**Problem details**
Your answer must be an exact copy of the data below, minus any pictures.
#### Source data
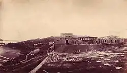 In 1789, Archibald Blair of the Royal Indian Navy colonised the Andaman islands, and established a naval base.[4] In 1794, a penal colony was established on the Chatham island and the first batch of 100 prisoners were sent to the island. The prisoners were used for labour, and worked under a civil contract. After two years, the colony was abandoned.[5] On 22 February 1858, the British re-established a colony at Port Blair, named after Archibald Blair.[4][5] A new penal colony was established on the Ross Island near Port Blair, mainly to house the prisoners of the Indian rebellion of 1857, and the first set of 200 convicts arrived at the island in March 1858.[5][6] The prisoners were used for hard labour and the clearing of forests led to frequent confrontation with the native Andamanese people. Many of the prisoners died in conflict, while some were hanged for trying to escape, apart from deaths due to disease and starvation.[4] Between 1864 and 1867, a penal establishment was also built on the nearby Viper Island using prison labour.[7] In 1872, the Andaman and Nicobar Islands were united under a single command and administered by a chief commissioner based out of Port Blair. The construction of the Cellular Jail started in 1896 and was completed in 1906. The jail was used to house political prisoners and independence activists away from the Indian mainland.[8][9]
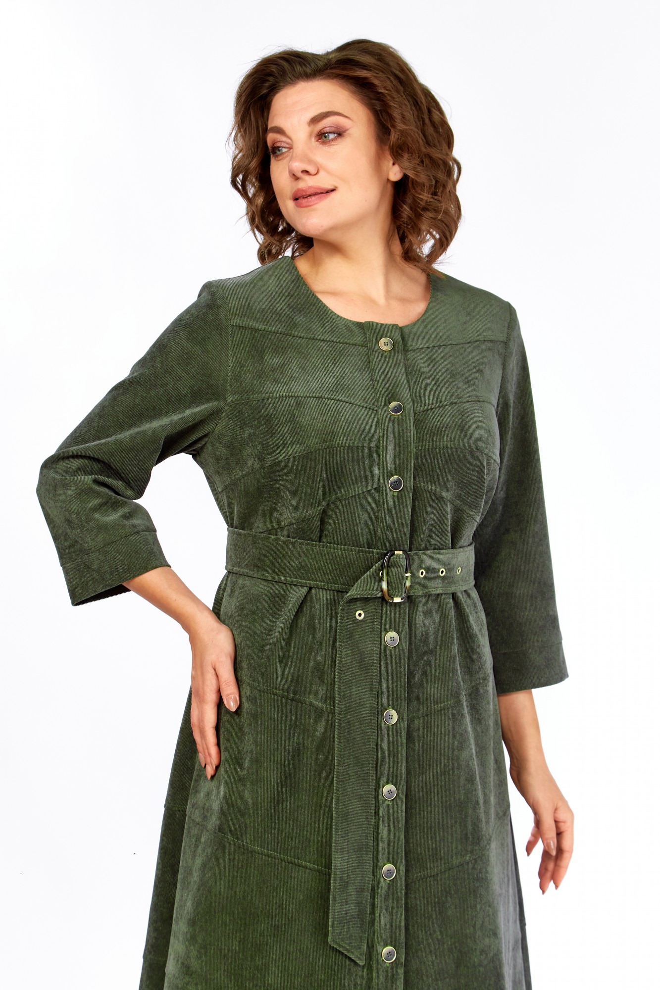 Платье женское А-силуэта из штруксовой ткани в длине миди. Перед с округлым вырезом и центральной застежкой на петли-пуговицы. В боковых швах функциональные карманы. Спинка с кокеткой и средним швом. Перед и спинка платья оформлены косыми подрезами по всей длине изделия. Рукав одношовный втачной, снизу на притачной манжете. Платье дополняет съемный пояс с декоративной пряжкой.
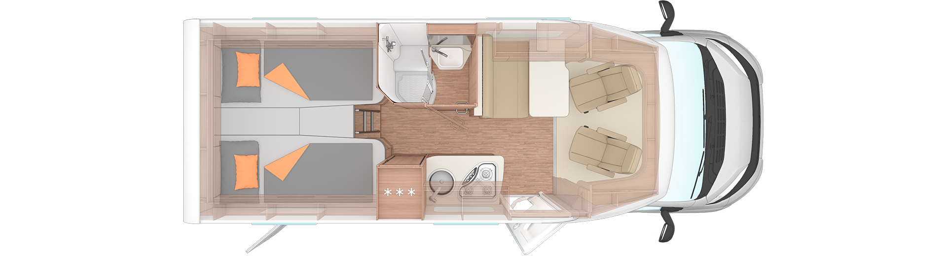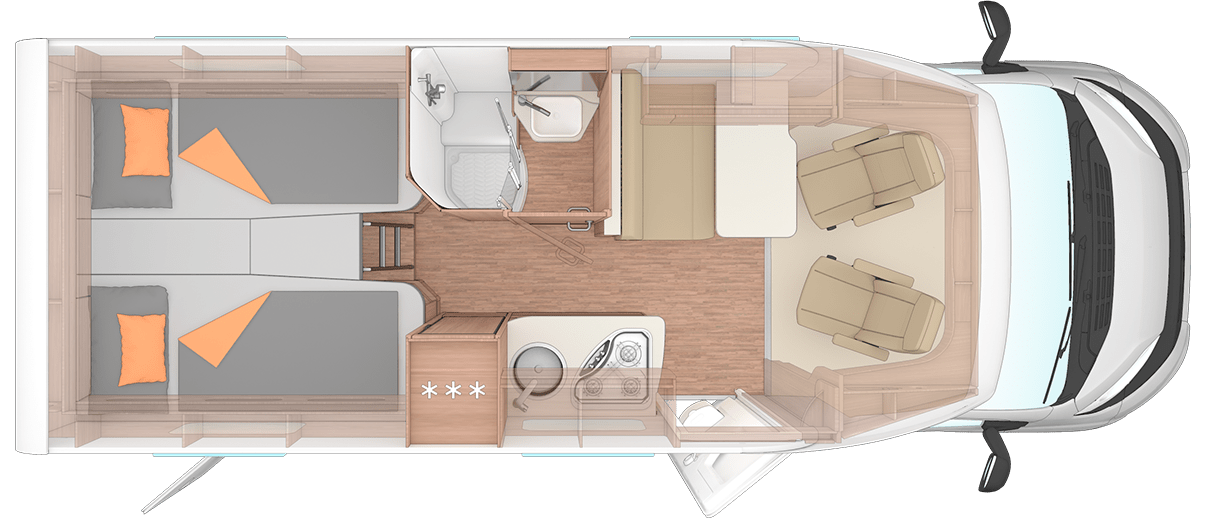 Zwei feste Einzelbetten: Im Heck findest du zwei separate Einzelbetten (je 200 x 82 cm), die eine unkomplizierte Schlafgelegenheit für zwei Personen bieten.
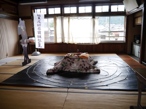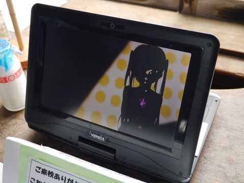 12:56脱靴場付近では、本編がささやかに放映されていました。 脇にはさりげなく凸守の苦手なアレが。 |
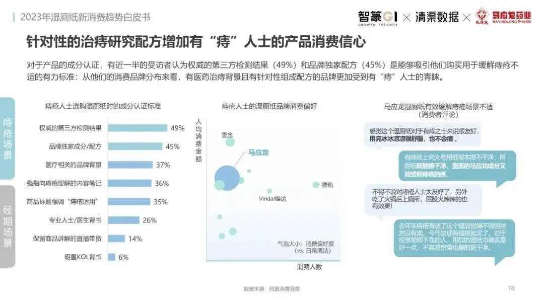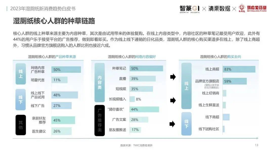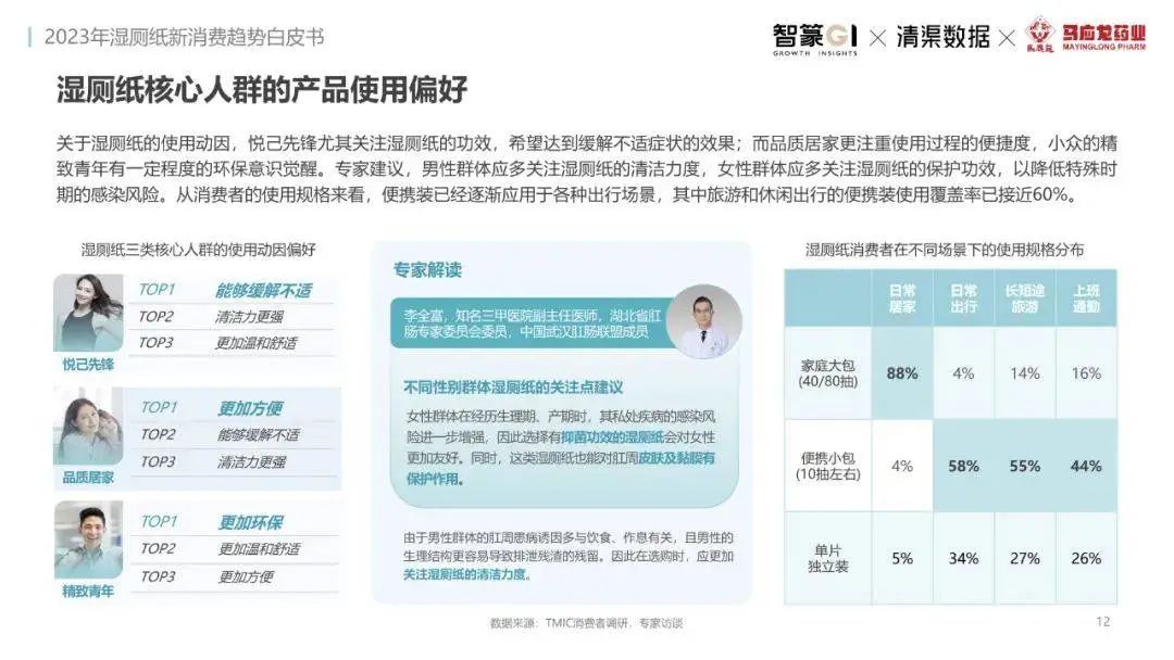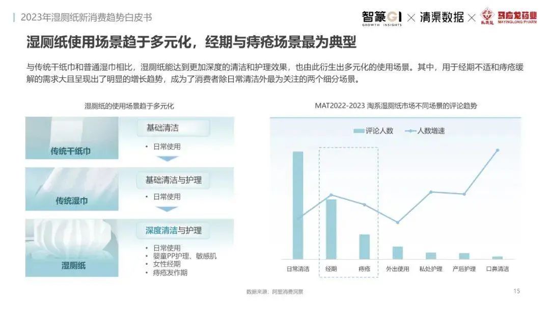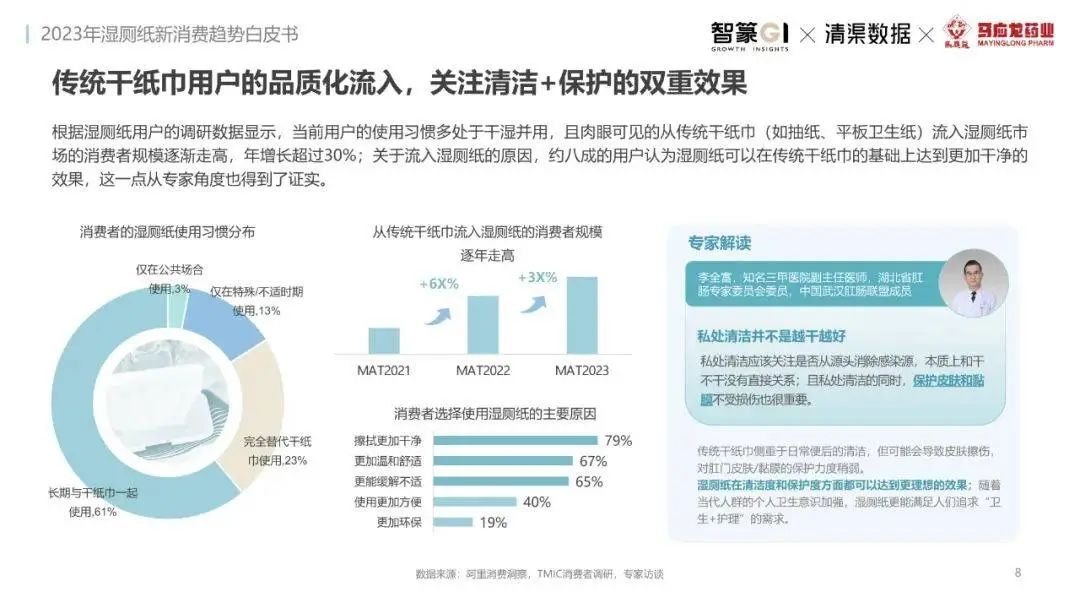 淘系濕廁紙品類近三年的消費(fèi)金額持續(xù)增長,增幅遠(yuǎn)超衛(wèi)生用紙整體市場,其中,天貓官旗的消費(fèi)責(zé)獻(xiàn)占主陣地,MAT2023占淘系年度消費(fèi)的六成以上,市場規(guī)模的擴(kuò)張主要來自消費(fèi)人數(shù)的增長,有越來越多的新客涌入,共同推動溫廁紙的全民風(fēng)潮,同時(shí),消費(fèi)者的使用習(xí)慣養(yǎng)成,復(fù)購意愿顯現(xiàn),消費(fèi)頻次也達(dá)到衛(wèi)生用紙整體的增速。
########
**Output below**
 In 1789, Archibald Blair of the Royal Indian Navy colonised the Andaman islands, and established a naval base.[4] In 1794, a penal colony was established on the Chatham island and the first batch of 100 prisoners were sent to the island. The prisoners were used for labour, and worked under a civil contract. After two years, the colony was abandoned.[5] On 22 February 1858, the British re-established a colony at Port Blair, named after Archibald Blair.[4][5] A new penal colony was established on the Ross Island near Port Blair, mainly to house the prisoners of the Indian rebellion of 1857, and the first set of 200 convicts arrived at the island in March 1858.[5][6] The prisoners were used for hard labour and the clearing of forests led to frequent confrontation with the native Andamanese people. Many of the prisoners died in conflict, while some were hanged for trying to escape, apart from deaths due to disease and starvation.[4] Between 1864 and 1867, a penal establishment was also built on the nearby Viper Island using prison labour.[7] In 1872, the Andaman and Nicobar Islands were united under a single command and administered by a chief commissioner based out of Port Blair. The construction of the Cellular Jail started in 1896 and was completed in 1906. The jail was used to house political prisoners and independence activists away from the Indian mainland.[8][9]
 Платье женское А-силуэта из штруксовой ткани в длине миди. Перед с округлым вырезом и центральной застежкой на петли-пуговицы. В боковых швах функциональные карманы. Спинка с кокеткой и средним швом. Перед и спинка платья оформлены косыми подрезами по всей длине изделия. Рукав одношовный втачной, снизу на притачной манжете. Платье дополняет съемный пояс с декоративной пряжкой.
 Zwei feste Einzelbetten: Im Heck findest du zwei separate Einzelbetten (je 200 x 82 cm), die eine unkomplizierte Schlafgelegenheit für zwei Personen bieten.
 12:56脱靴場付近では、本編がささやかに放映されていました。 脇にはさりげなく凸守の苦手なアレが。 |
 淘系濕廁紙品類近三年的消費(fèi)金額持續(xù)增長,增幅遠(yuǎn)超衛(wèi)生用紙整體市場,其中,天貓官旗的消費(fèi)責(zé)獻(xiàn)占主陣地,MAT2023占淘系年度消費(fèi)的六成以上,市場規(guī)模的擴(kuò)張主要來自消費(fèi)人數(shù)的增長,有越來越多的新客涌入,共同推動溫廁紙的全民風(fēng)潮,同時(shí),消費(fèi)者的使用習(xí)慣養(yǎng)成,復(fù)購意愿顯現(xiàn),消費(fèi)頻次也達(dá)到衛(wèi)生用紙整體的增速。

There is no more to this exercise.